"I like to think of myself as resistant to the powers of suggestion, albeit naively. "

Alexandra Phillips (Pure Propaganda) visited the opening of Various Exhibition Titles and was inspired to share with us the way she experienced the whole happening. You can still visit Various Exhibition Titles and create your own experience until the 24th of November.


This is not an entrance, well it is but to get inside you need a ticket. 

The tickets are free.

But you have to wait until there are tickets available.

Just have a drink and listen for when they are giving more away.

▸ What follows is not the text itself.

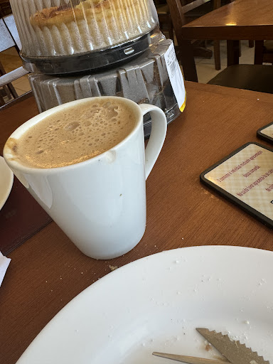 Tem opção de caldos, canja, sopa de feijão. Self-service com opções de cuscuz, ovo, carne moída, calabresa, patês, salsicha ao molho, pães, salgadinhos, docinhos, etc.
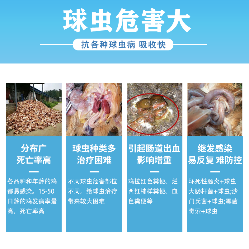 【药理作用】本品为磺胺类抗球虫药,作用峰期是球虫第二代裂殖体,对第一代裂殖体也有一定作用。本品抗菌作用较强,对禽巴氏杆菌病、伤寒亦有效。本品不影响宿主对球虫产生免疫力。

That is how to get a ticket.

The ticketed opening suspended my disbelief.  It set up a structure that focused attention to the activity of physical entering an event.  As opposed to a typical entrance that would hardly be noticed let alone be contemplated, entering in small numbers and only with ticket in hand extended the time frame and created the first collective activity of the show.  It was generous, literally, being that the tickets were free of charge, and conceptually in that it allowed everyone to avoid the regular cadence of art openings.  Instead of the fend-for -yourself aspect of many cultural events, this one insistently yet subtly invited every visitor to take part by waiting.  With no real information regarding when tickets would be distributed or how many would be able to experience Various Exhibition Titles that evening, we were all held at bay together. Waiting heightened my awareness of how malleable, we, in this case a group of people agreeing to be good art viewers, can be.

I like to think of myself as resistant to the powers of suggestion, albeit naively.  I like to think I maintain a healthy skepticism as I move through our cultural landscape.  And yet there I was wondering if I would be able to see the work that evening, if I would be one of the lucky few to step through the red curtained doorway and behold the wonders contain within.

That’s funny right?  That is funny not only because failing to get a ticket that evening would not mean I did not get to see the show at all, but also because at any given moment of waiting it was possible to see through a window, straight inside MAMA.

Watching others see only made my desire to see and see right then or at the very least next, even greater.  Finally there was one ticket available, and although I was not there alone, I jumped at the chance to take that ticket, thinking we should not waste a limited item such as that.  I abandoned the person with whom I had come and went inside feeling a sense of relief, chuffed that I had managed.

See what I mean? There is a mischievousness contained in the act of offering an invitation or making a suggestion that prompts the invited to agree and to give them self over willingly.   I made a series of decisions informed by a false sense of scarcity all stimulated by the simple act of ticketing.   And so I was tricked, I was coerced! Like Tom Sawyer’s friends watching Tom white washing the fence, I too wanted to white wash.

That same mischievousness is echoed throughout the show in its overarching, highly scripted structure, as well as in the individual works. Various Exhibition Titles requires one to give themselves over to the real-time unfurling of each work. The execution of the show, the attention to how the works reach the viewer, the use of multiple wall texts and mismatched translations, functions as work itself in my opinion. The set up makes a playful, somewhat theatrical framework for each autonomous work all of which interact with the architecture of the space, the windows and red curtains most notably, and the street beyond and all of which hang on the structure laid out by the adaptable but scripted text. This dance between conceptual art show and comedic skit is part of the mischief that makes Various Exhibition Titles so refreshing.

All sitting there together, aware of ourselves as a group in space, hyper-aware in fact not only because of our reflection but also because of our power of attention and the attention that brought to us. The windows are the setting of each work. Looking onto the sidewalk made the act of viewing a two way street, all of the sudden we were being looked at while we looked. I say all of the sudden because sitting there, the intensity of people’s reactions as they pasted was striking. I thought, so many shop windows in the city and so many people wondering around in groups. If their relationship shifts slightly, if everyone begins looking out of the window, seemingly at nothing, bam! Such common things as people and windows become instantly and hilariously disruptive.

Through a series of such adjustments, through seemingly simple shifts and by upending aspects of exhibition making that often go unquestioned, Various Exhibition Titles disseminates a charming mischievousness and sense of serious play. It is light but not lacking depth, which I think is a difficult balance to strike and a pleasure to experience when one does.

This story was written by Alexandra Phillips (part of the collective Pure Propaganda) in the context of Various Exhibition Titles, the exhibition that is programmed by Willem de Haan and deals with different versions of reality and the power of suggestions.